Assumption \(\mathbf{4}^{\prime }\). Commodities 1 and 2 and commodities 2 and 1 stand in relation C.

It is immediate to verify that neither our Assumption 4 implies Assumption \(4^{\prime }\) nor the converse holds. Therefore, we can conclude that our existence theorem is not a special case of the existence theorem in Busetto et al. (2018).
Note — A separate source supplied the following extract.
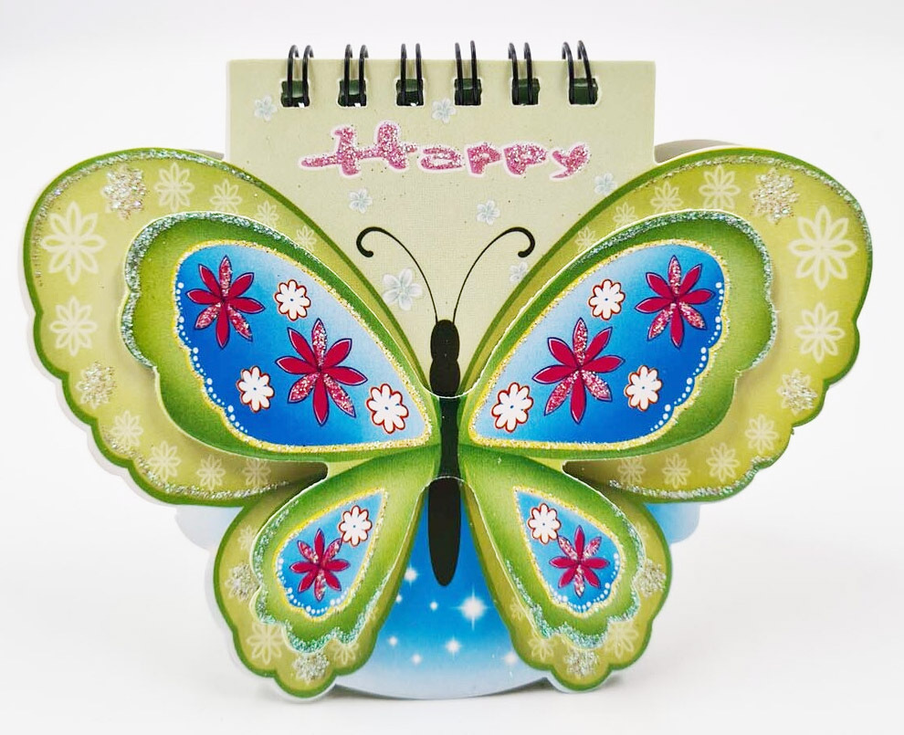 Блокнот на спирали с фигурной высечкой Бабочка, зелёная, А7 50 листов, "Darvish", DV-7101

Finally, let us notice that, in Sect. 2, we have provided a definition of a Cournot–Nash equilibrium referring explicitly to irreducible matrices. This definition applies only to active Cournot–Nash equilibria according to the definition of Sahi and Yao (1989). Nevertheless, in the Shapley window model, as in all other strategic market games, the strategy selection \(\hat{\mathbf{b}}\) such that \(\hat{\mathbf{b}}(t)=0\), for each \(t \in T\), is a Cournot–Nash equilibrium, usually called trivial equilibrium. This raises the question whether, under Assumptions 1234, the allocation corresponding to the trivial Cournot–Nash equilibrium, namely the initial assignment \(\mathbf{w}\), may be Pareto optimal. The following proposition provides a negative answer to this question.

Proposition 3

Under Assumptions 123, and 4, the allocation \(\mathbf{w}\) is not Pareto optimal.

Proof

Suppose that \(\mathbf{w}\) is Pareto optimal. Then, there exists a price vector \({\tilde{p}}\) such that the pair \(({\tilde{p}},\mathbf{w})\) is an efficiency equilibrium, by the same argument used in the proof of Theorem 2. But then, the pair \(({\tilde{p}},\mathbf{w})\) is a Walras equilibrium. Therefore, the necessary Kuhn–Tucker conditions lead to the same contradiction as in the proof of Theorem 1. Hence, the allocation \(\mathbf{w}\) is not Pareto optimal. \(\square \)

6 Conclusion

In Theorem 1, we have shown the existence of a Cournot-Nash equilibrium for the mixed bilateral oligopoly version of the Shapley window model first analyzed by Codognato et al. (2015). Then, in Theorem 2, we have proved that a Cournot-Nash allocation is Pareto optimal if and only if it is a Walras allocation. The proof of this theorem is crucially based on a corollary in Shitovitz (1973), showing that the first and second welfare theorem still hold in mixed exchange economies. In their main theorem, Codognato et al. (2015) proved that, under a further differentiability assumption on atoms’ utility functions, the condition which characterizes the nonempty intersection of the sets of Walras and Cournot-Nash allocations requires that each atom demands a null amount of one commodity. Combining this result with our Theorem 2 we have obtained, as a proposition, a characterization of the optimality property of Cournot-Nash equilibria, which requires that at a Pareto optimal Cournot-Nash equilibrium each atom demands a null amount of one commodity. Recasting antitrust analysis in the bilateral oligopoly framework, we could use these results in further research as a first step to analyze competition policy in a general equilibrium framework.

In the previous section, we have already stressed that the results we have obtained for the bilateral version of the Shapley window model also hold for other prototypes of strategic market games in the line inspired by Shapley and Shubik (1977). Moreover, we have pointed out some issues connected with existence and Pareto optimality which in our opinion deserve to be considered for future research. A further question we propose to answer in forthcoming work is if the results obtained in this paper hold for another type of strategic market game, that is the one with fiat money first introduced by Postlewaite and Schmeidler (1978) and further analyzed by Peck et al. (1992), Koutsougeras and Ziros (2008), Koutsougeras (2009), among others.